Betrachtet man das nächtliche Umherschwirren von Insekten an einer Straßenleuchte mit den Augen einer Wissenschaftlerin, die ihr Wirken dem Schutz der Insekten verschrieben hat, dann möchte man die Leuchte einfach nur ausschalten: die Insekten aus den „Staubsaugern“ befreien, die Nacht für Nacht millionenfach an Straßen und Wegen die Tiere aus ihren wichtigen ökologischen Aufgaben saugen.
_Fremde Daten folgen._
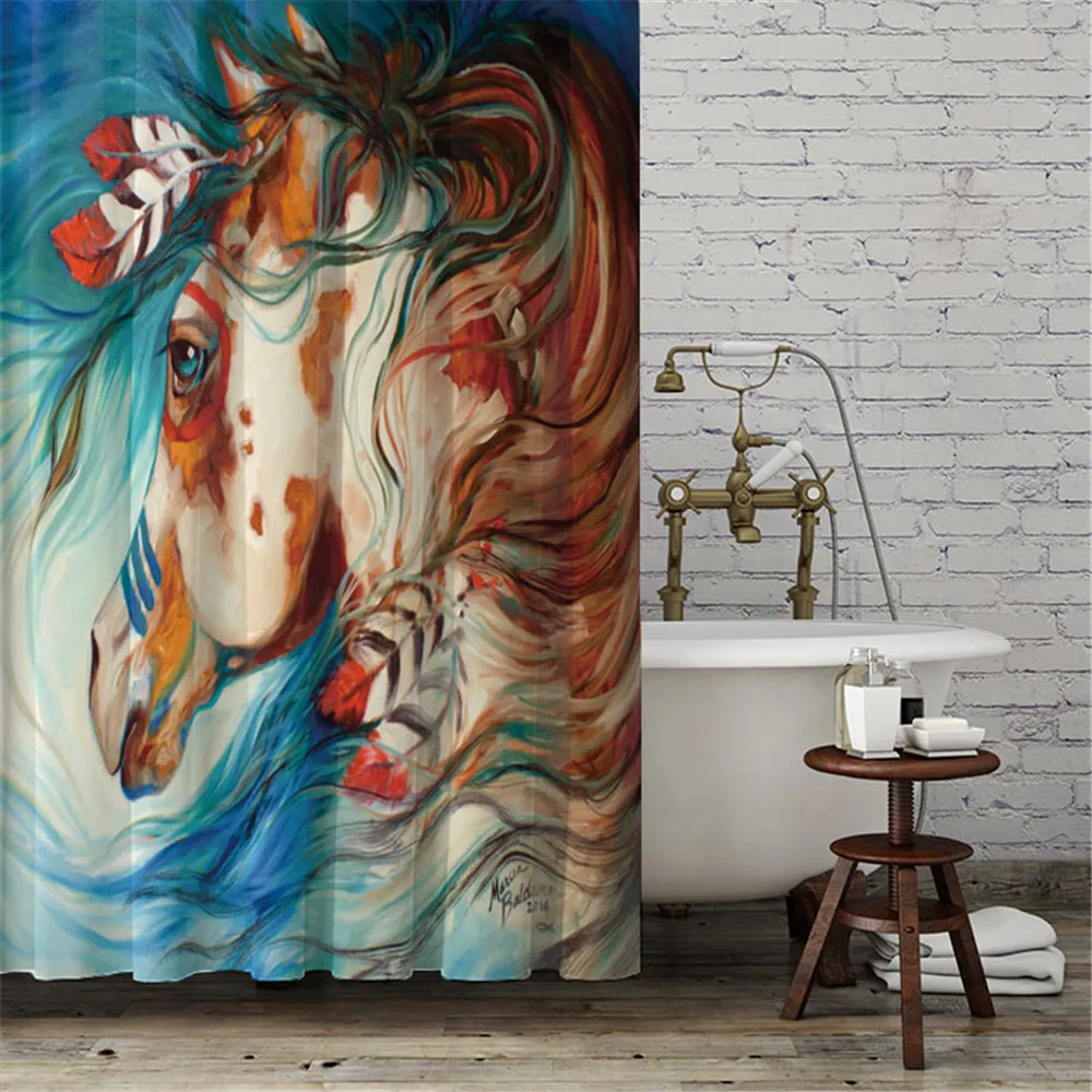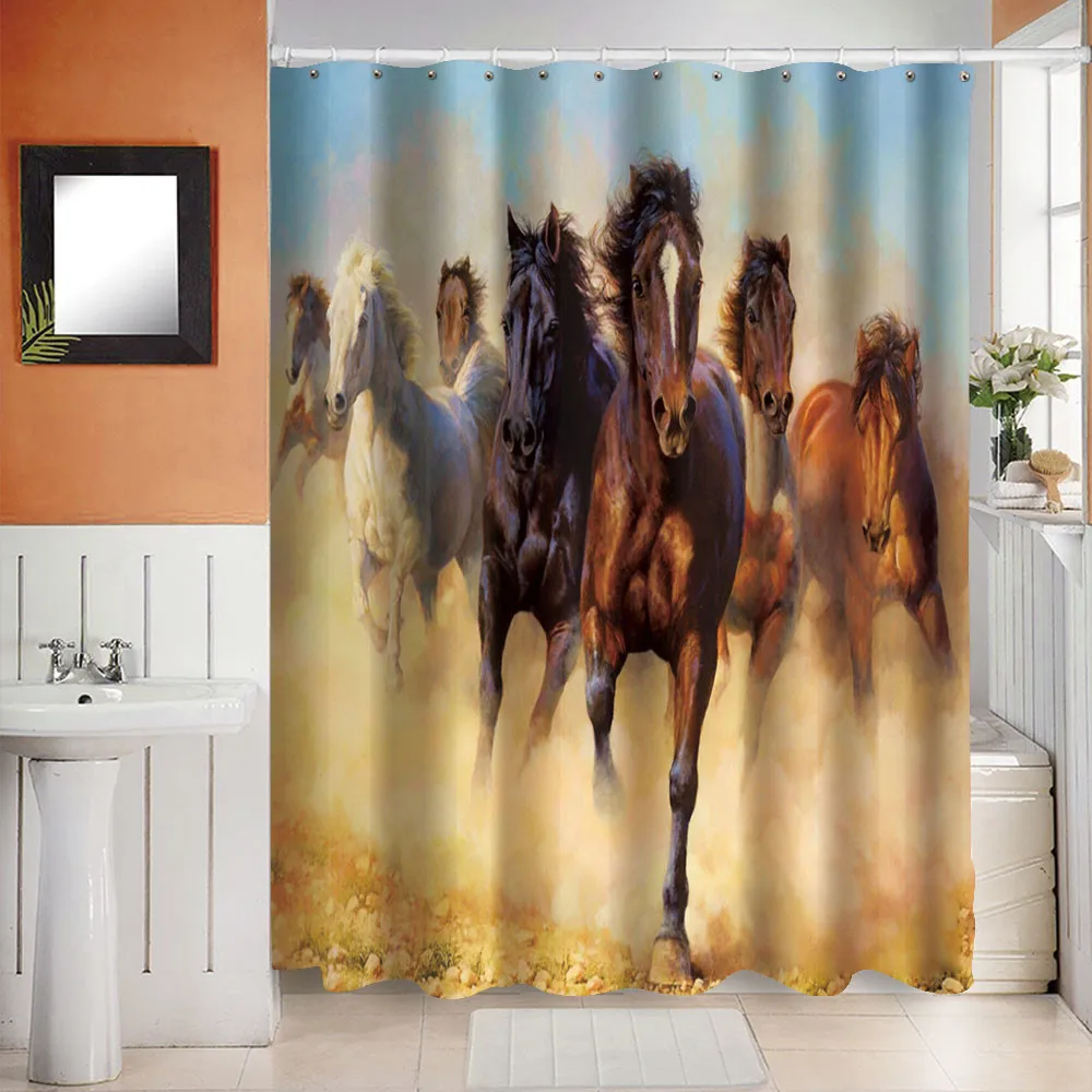 Занавеска для душа из полиэстера с рисунком бегущей лошади, обезьян...

Aber Beleuchtung ist wichtig, sie kann Wohlbefinden spenden, lässt uns nach Sonnenuntergang aktiv sein und gibt vielen das Gefühl von Sicherheit. Ohne geht es wohl nicht – aber kann nicht etwas gegen das nächtliche Licht direkt in der Flugbahn von Insekten, auf Schlafzimmerfenstern und in Grünbereichen getan werden?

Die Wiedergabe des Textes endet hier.